Şimdi, biz bu yasa teklifini komisyonlarda haziran ayında görüştük, iki komisyon görüşmesinden sonra yasa teklifinin Genel Kurula gelmesi ertelendi ve bazı değişiklikler gerçekleştirildi. Bu değişikliklerden biri de yine Basın Kartı Komisyonu’nun kararlarının İletişim Başkanlığı tarafından onaylanmasının kaldırılması şeklinde oldu.
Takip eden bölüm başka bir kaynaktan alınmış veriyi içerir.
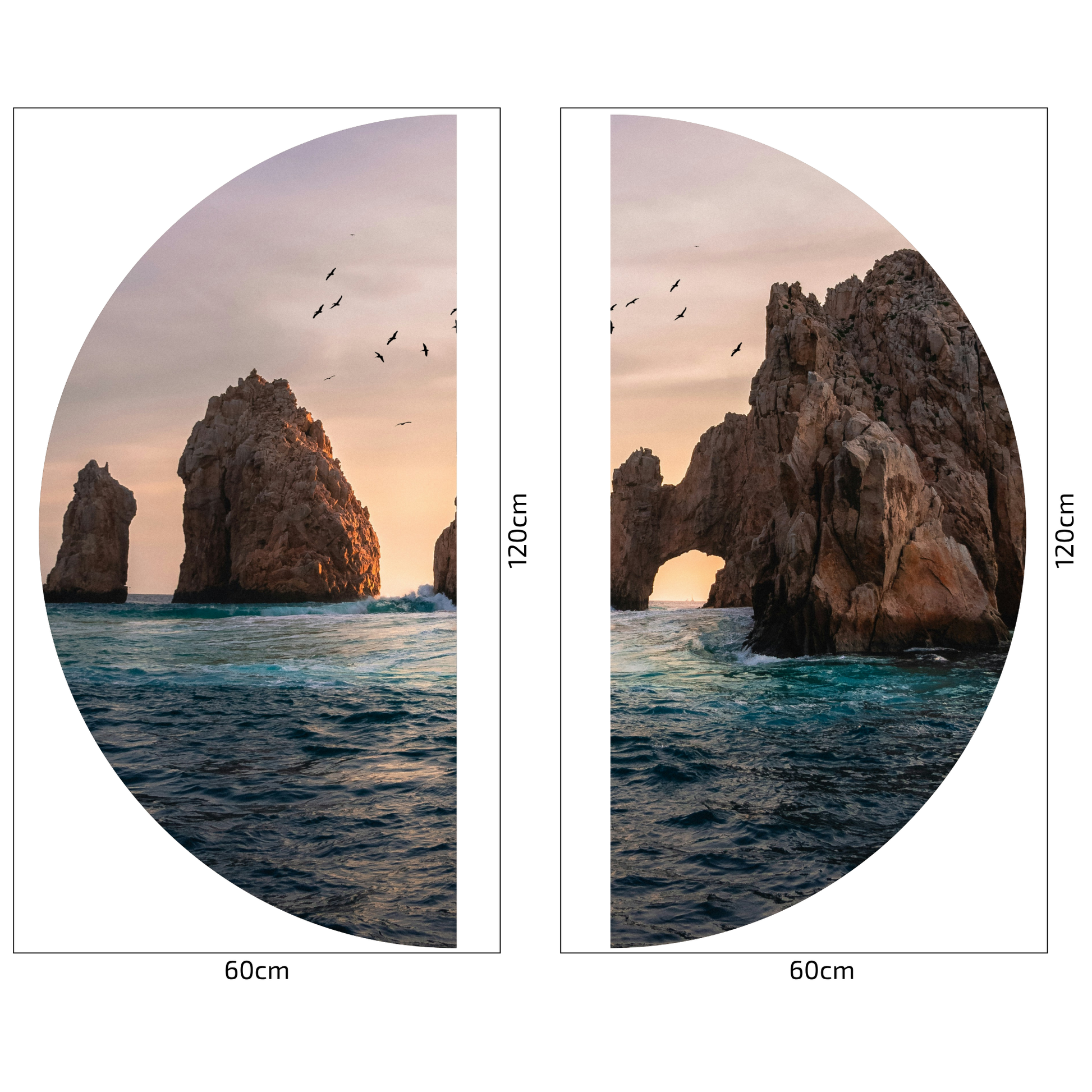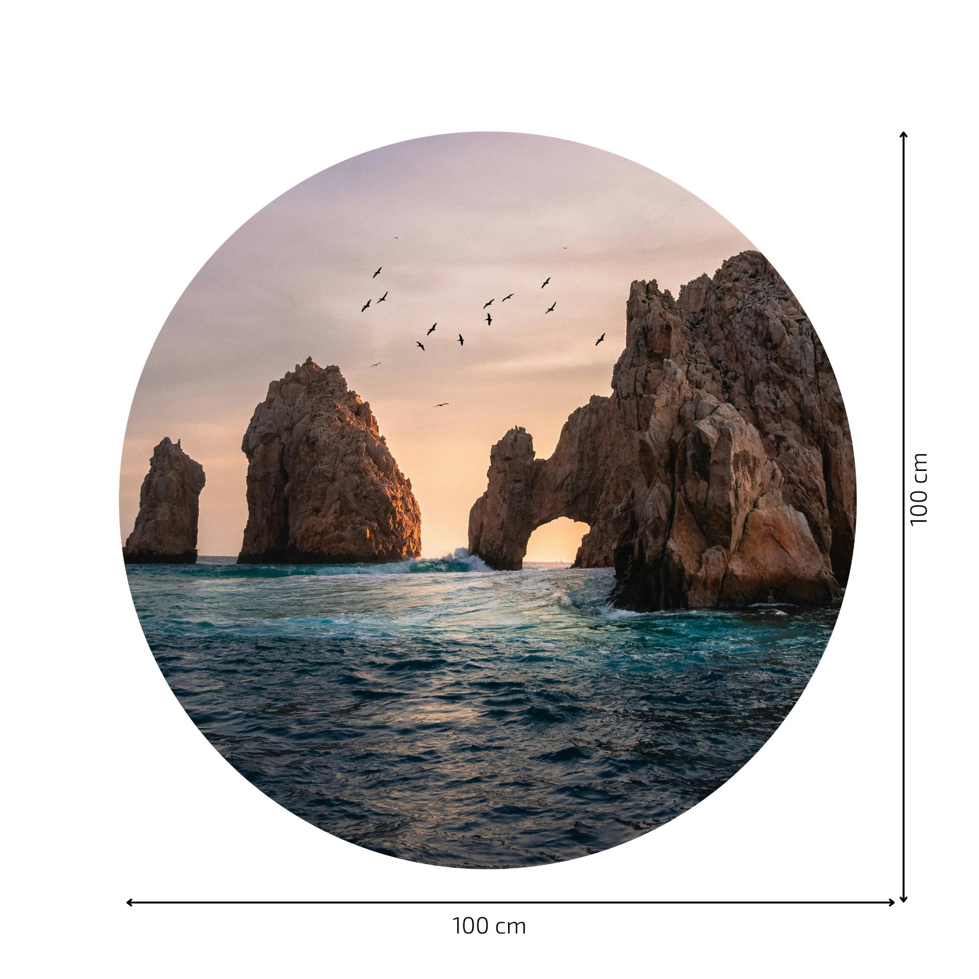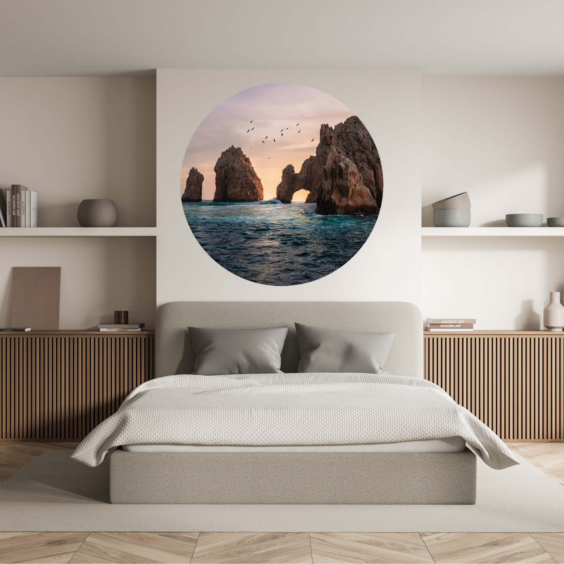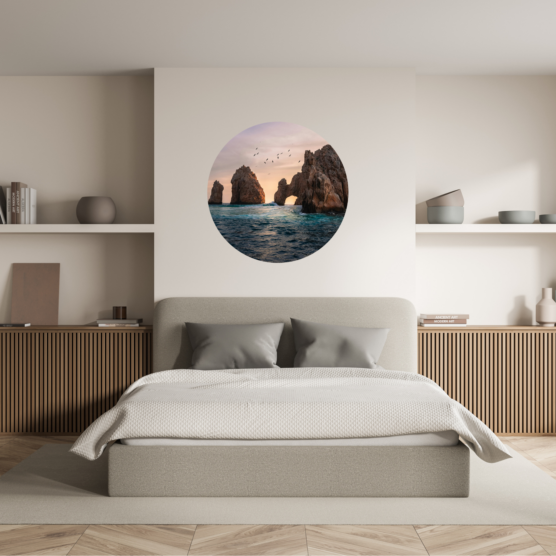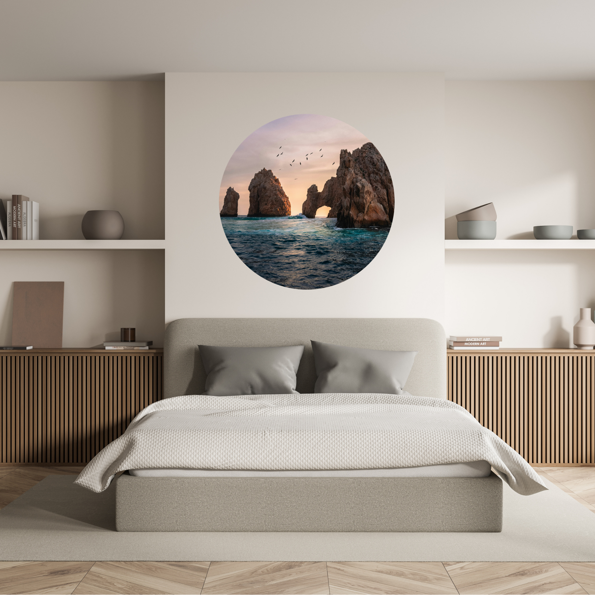 The Round Wall Sticker – “Los Cabos” captures the majestic El Arco arch bathed in the golden glow of sunset. Waves crashing against the rocks and birds soaring above the ocean bring a sense of freedom, adventure, and endless horizons into your space. Perfect for those who love the sea, travel, and unforgettable moments frozen in time.

Belli ki İletişim Başkanı’nın bazı düzenlemelerin kaldırılmasından ve ertelenmesinden duyduğu rahatsızlık TBMM’ye parmak sallamasına kadar gitmiş; en hafifinden gönderme niteliğinde bir karar almış oldu, bu karar da yasa teklifi ertelendikten sonra 5 Ağustos tarihinde bir Twitter paylaşımıyla ortaya çıktı. Bu Twitter paylaşımında, İletişim Başkanı, Dezenformasyonla Mücadele Merkezi kurulduğunu ve Başkanının da atandığını ilan etti.
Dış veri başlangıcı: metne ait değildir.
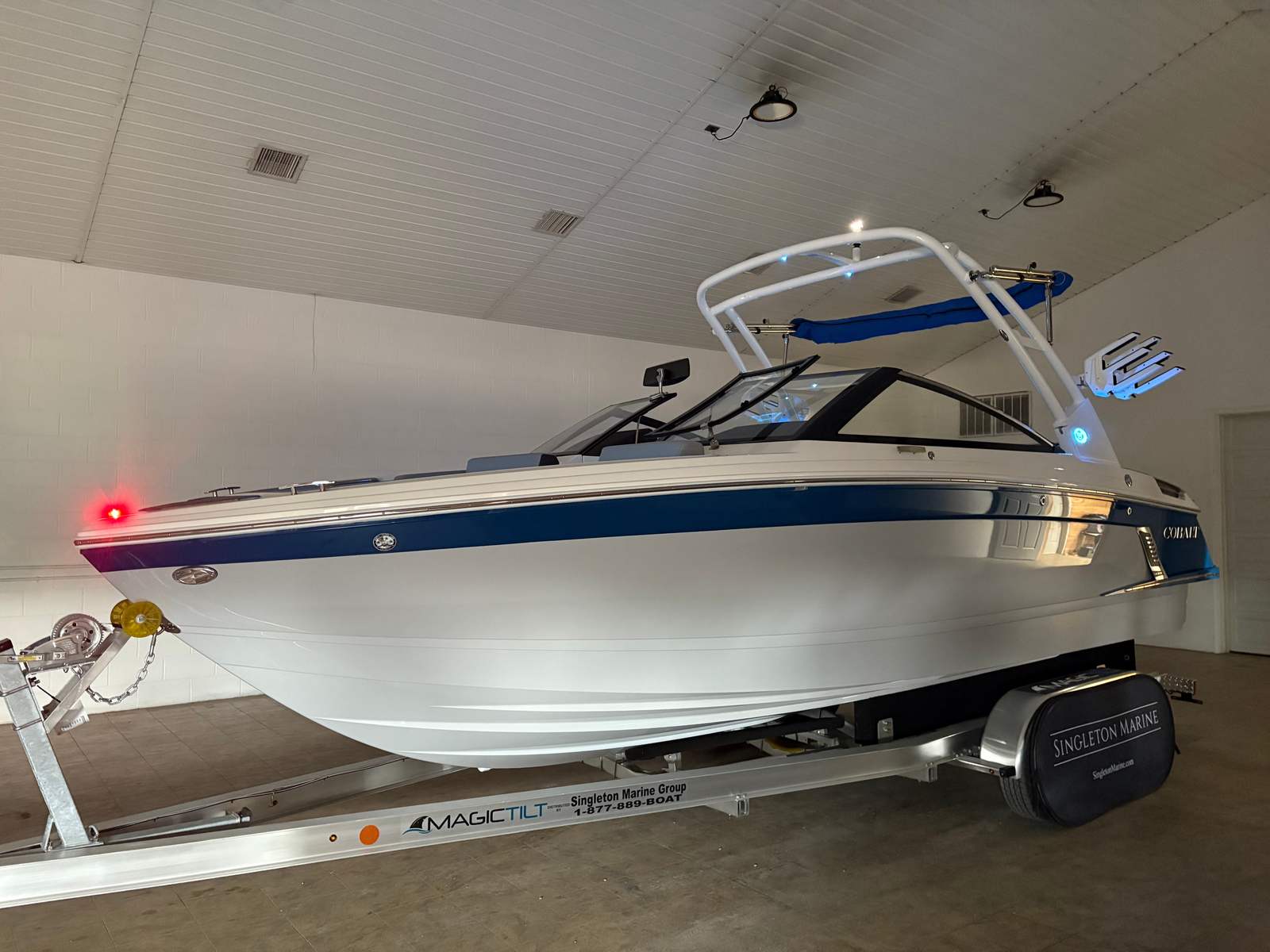 The 2026 Cobalt R4 Surf is a 24.25-foot bowrider that perfectly balances spaciousness and agility. As a brand-new model, it showcases Cobalt’s renowned craftsmanship and attention to detail, making it a standout choice for those seeking a high-quality bowrider boat for sale. The R4 Surf’s contemporary lines and striking color palette, featuring a Frost Gray hull bottom and an interior in Frost, Slate, and Pacific Blue, create a visually captivating presence on the water. Whether you are cruising with friends or enjoying a day with family, this Cobalt boat for sale offers ample room and comfort for everyone on board.

'Meslek örgütlerinin büyük bölümü karşı'

Bir yanıyla ‘sansür’ olarak değerlendirilen ama sadece bununla sınırlı kalmayan, diğer taraftan, yasa teklifini getiren arkadaşlarımız tarafından ‘dezenformasyon yasası’ olarak değerlendirilen -ki kesinlikle bir dezenformasyon mücadelesinin hiçbir unsurunu barındırmadığı gibi dezenformasyonu gölgelemeye yönelik bir düzenleme olan bu düzenleme- aynı zamanda, meslek örgütlerinin çok önemli bir kısmının karşı çıktığı, çok önemli bir kısmının katılmadığı ve desteklemediği bir düzenleme. Bu düzenlemede Adalet ve Kalkınma Partisi’ni destekleyen, Milliyetçi Hareket Partisi’ni destekleyen yerel gazeteciler de yok. Onların da tutumu bu yasa teklifinin kendilerini yok etme sürecini hızlandıracağı yönünde.
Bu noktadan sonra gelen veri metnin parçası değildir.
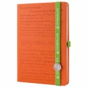 Originelles, individuell gestaltetes Notizbuch, Material Tucson, Elastikband und Stiftschlaufe in individueller Farbe (Pantone) mit Aufdruck, Lanybutton mit Geldoming, Blindprägung auf Deckel
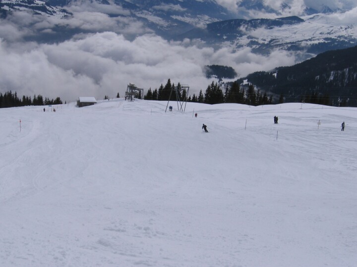 Blaue Abfahrt 52 (Alp Dado), Blick zur Talstation des 2-SL Alp Dado
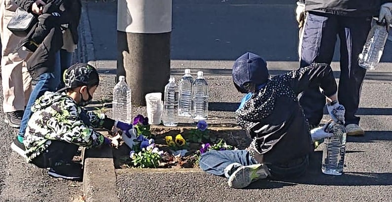 子ども達が🌺花植えするのに、自治会の方は、先回りして、花の水のペットボトルを配置。
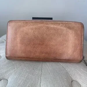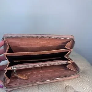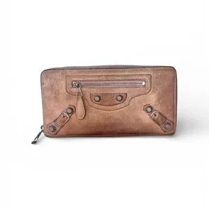 Premium pre-loved dusty pink leather wallet designed for everyday use. Secure zip-around closure and external zip pocket for quick access. Multiple internal compartments organize cards and cash. Classic wallet complements any style.
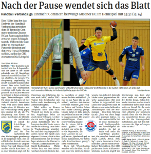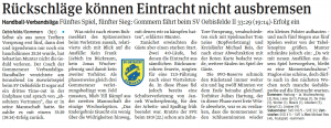 Unsere erste Männermannschaft hat am zurückliegenden Wochenende zwar die Tabellenführung der Verbandsliga Nord an den BSV 93 Magdeburg verloren, dennoch konnten sich unsere Männer mit einem 35:32 (13:14) Derbysieg gegen den Güsener HC belohnen. Hier für euch noch der Bericht der Volksstimme: Auf geht´s Eintracht!!!
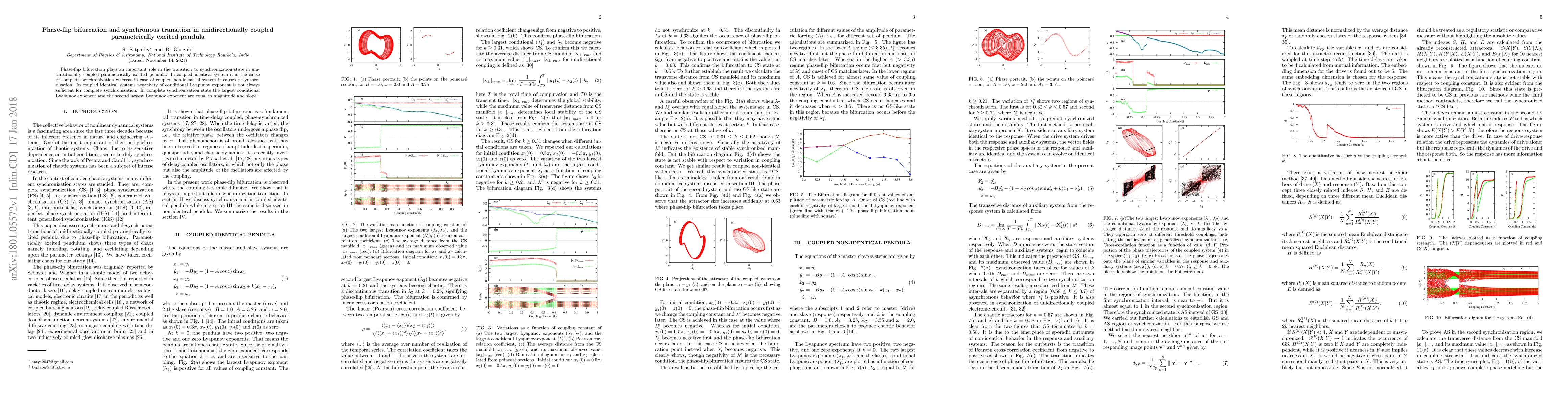 This paper investigates phase-flip bifurcation in unidirectionally coupled parametrically excited pendula, showing it leads to complete synchronization in identical systems but desynchronization in non-identical ones. It concludes that synchronization in identical systems requires specific conditions beyond just negative conditional Lyapunov exponent.
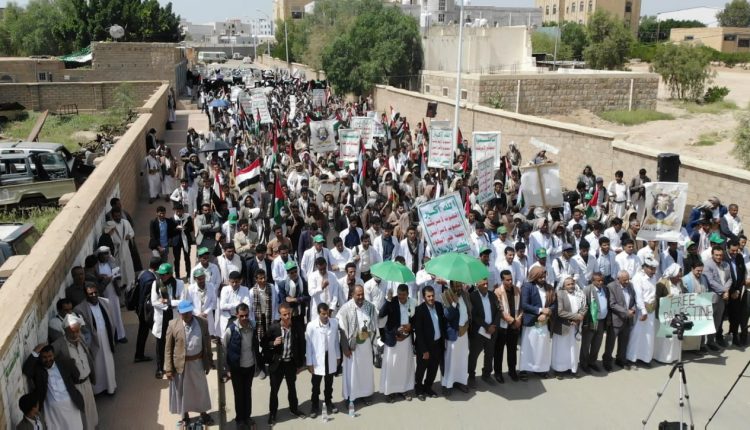 مسيرة لأكاديميي وطلاب جامعة صعدة دعماً لغزة وتنديدًا بجرائم العدو الإسرائيلي
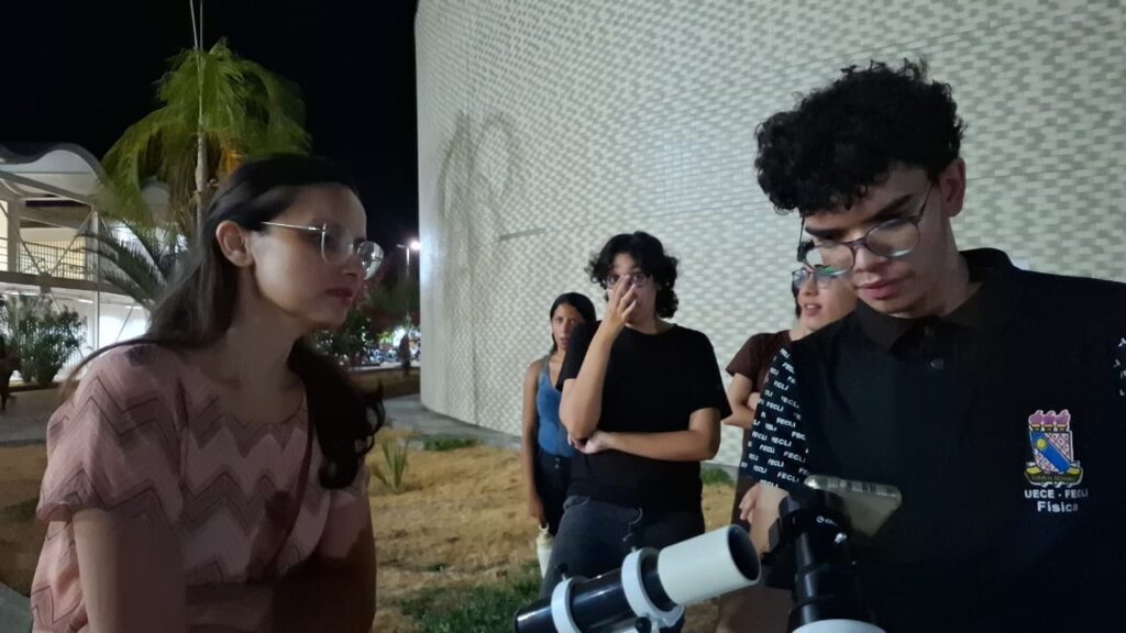 A última superlua de 2025 movimentou o Campus Humberto Teixeira, em Iguatu, na noite desta quinta-feira, 4. A observação integrou ação do Grupo de Estudos em Astronomia Zênite – GEAZ, projeto de extensão do curso de Física da UECE – FECLI voltado à astronomia e à divulgação científica. O grupo busca aproximar escolas, estudantes e comunidades do conhecimento sobre o universo, promovendo atividades práticas, palestras e experiências observacionais.

'Rehberimiz Büyük Atatürk olacak'

Adalet ve Kalkınma Partisi’nin medyayla ilgili operasyonları tabii ki Türkiye'nin basın ve demokrasi birikimleriyle ortadan kaldırılacak, Adalet ve Kalkınma Partisi’nin medya alanını bir operasyon alanı hâline getirmesi çok kısa bir zamanda son bulacak. Bunu hangi anlayışla yapacağız? Rehberimiz Büyük Atatürk olacak ve onun gösterdiği yol. Atatürk: ‘Basın, milletin müşterek sesidir. Bir milleti aydınlatma ve irşatta, bir millete muhtaç olduğu fikri gıdayı vermekte, hülasa bir milletin hedefi saadet olan müşterek bir istikamette yürümesini teminde basın başlı başına bir kuvvet, bir mektep, bir rehberdir’ demekte. Bu yasa teklifi, dezenformasyon odaklarını gölgelemeyi amaçlamaktadır. Dezenformasyon odakları doğru bilgiyle, halkın doğru bilgilendirilmesiyle, özgür ve bağımsız medyanın gücüyle engellenebilir.